__EXERCISE__.
Find "ทำให้บ้านเรือน" in the entries below; copy that line through the last, exactly, with no pictures.

◇ ◇ ◇

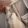 I absolutely adored my Ophelia dress. I however live in an apartment in SF and storage space is limited. Hoping that someone has been dreaming about this dress and can give it another life. Rebecca kindly made the dress in a split size for me - it is an 8/4/4. I listed as a 4 thinking that someone might be able to take in the bust or in the event someone has similar measurements to mine. I wore the dress for about an hour - in the church and for a quick 5 block secondline in New Orleans before changing into a different dress for the evening. It is in excellent condition except for a little dirt on the back of the train. This would likely come out with a little soap and water as it was only exposed briefly. I included photos of the front of the train (looks perfect) and the mentioned spots on the back!
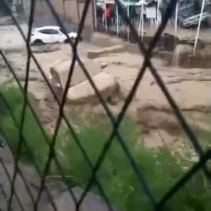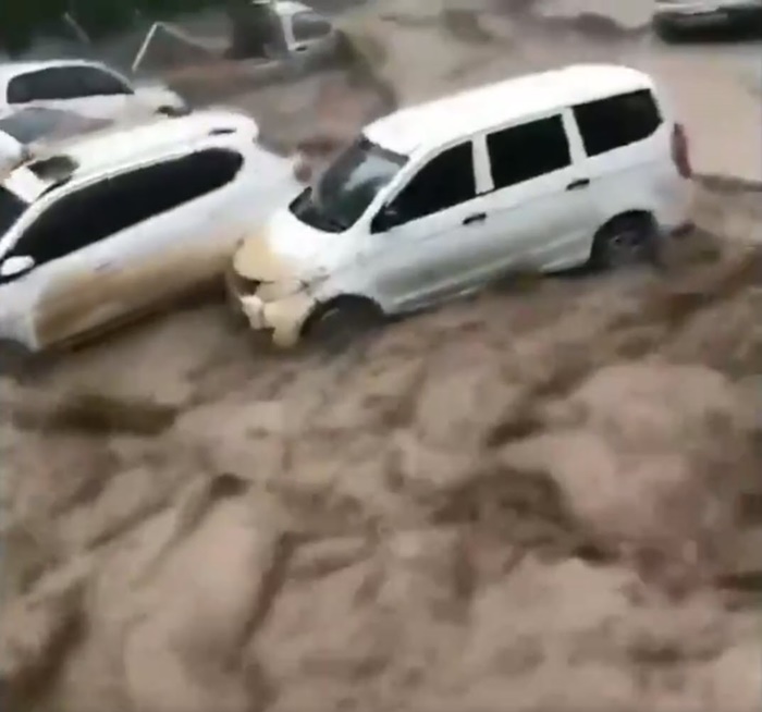 ทำให้บ้านเรือนเสียหาย และรถยนต์จำนวนมากถูกกระแสน้ำไหลพัดไปไกลตลอดเส้นทาง
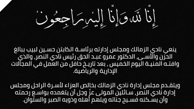 ينعي نادي الزمالك ومجلس إدارته برئاسة الكابتن حسين لبيب ببالغ الحزن والأسى، الدكتور عمرو عبد الحق رئيس
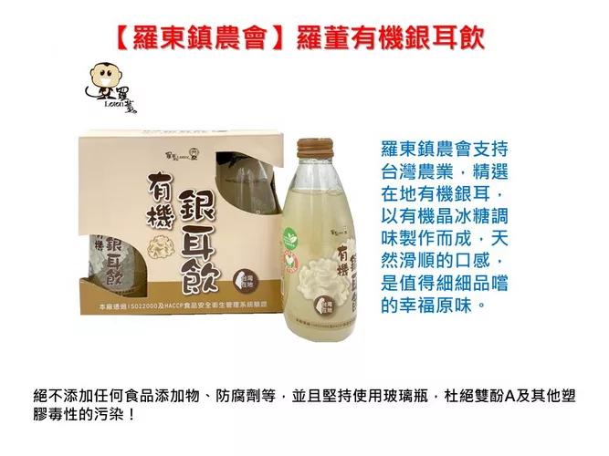羅東鎮農會支持台灣農業,精選在地有機銀耳,以有機晶冰糖調味製作而成,天然滑順的口感,同時堅持美味與安全,以成本較高之玻璃瓶為包裝容器,玻璃瓶能耐高溫高壓殺菌,不僅無毒更能留住美味,是值得細細品嚐的幸福原味!
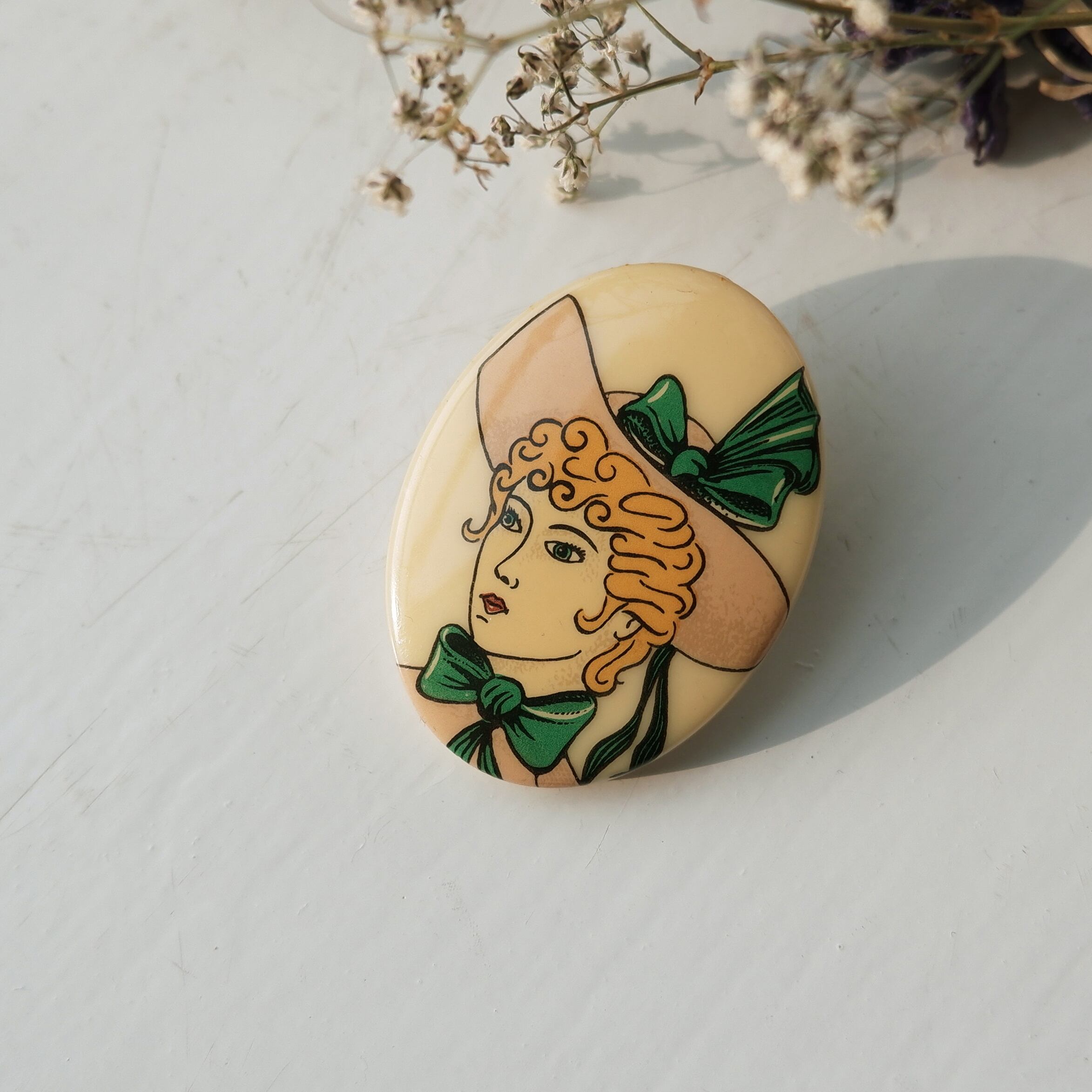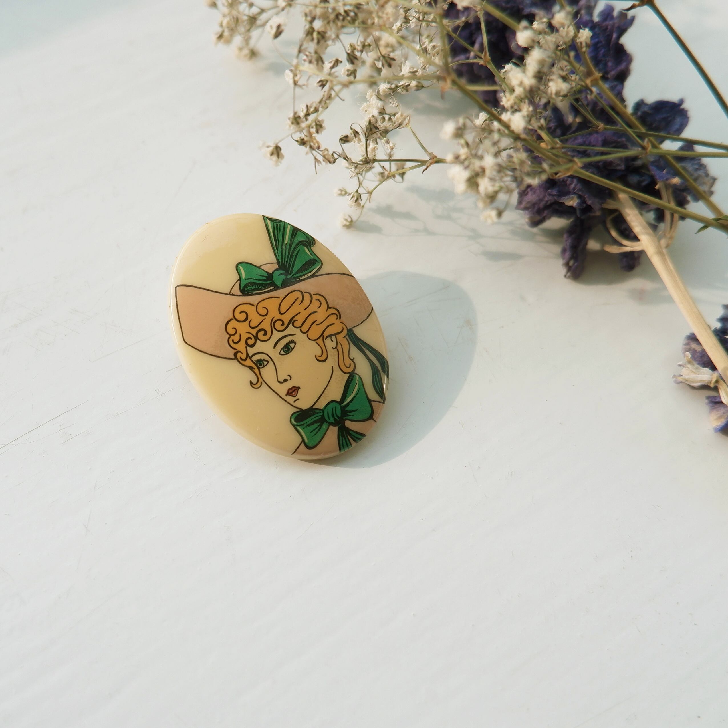大きなリボンが特徴的なオールドファッションを身に纏った女性が描かれています。
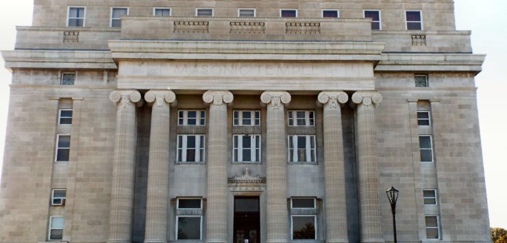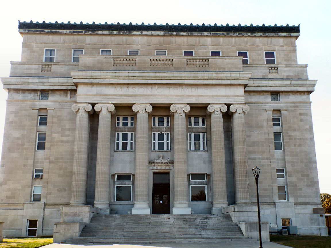 The Masonic Center (formerly known as the Masonic Temple) was started in 1922 and completed in 1927. “The Landmark of the Valley” is widely famed for its Ionic columns and row of copper gargoyles along the roof line.

◇ ◇ ◇

__THE ANSWER__.
 ทำให้บ้านเรือนเสียหาย และรถยนต์จำนวนมากถูกกระแสน้ำไหลพัดไปไกลตลอดเส้นทาง
 ينعي نادي الزمالك ومجلس إدارته برئاسة الكابتن حسين لبيب ببالغ الحزن والأسى، الدكتور عمرو عبد الحق رئيس
羅東鎮農會支持台灣農業,精選在地有機銀耳,以有機晶冰糖調味製作而成,天然滑順的口感,同時堅持美味與安全,以成本較高之玻璃瓶為包裝容器,玻璃瓶能耐高溫高壓殺菌,不僅無毒更能留住美味,是值得細細品嚐的幸福原味!
大きなリボンが特徴的なオールドファッションを身に纏った女性が描かれています。
 The Masonic Center (formerly known as the Masonic Temple) was started in 1922 and completed in 1927. “The Landmark of the Valley” is widely famed for its Ionic columns and row of copper gargoyles along the roof line.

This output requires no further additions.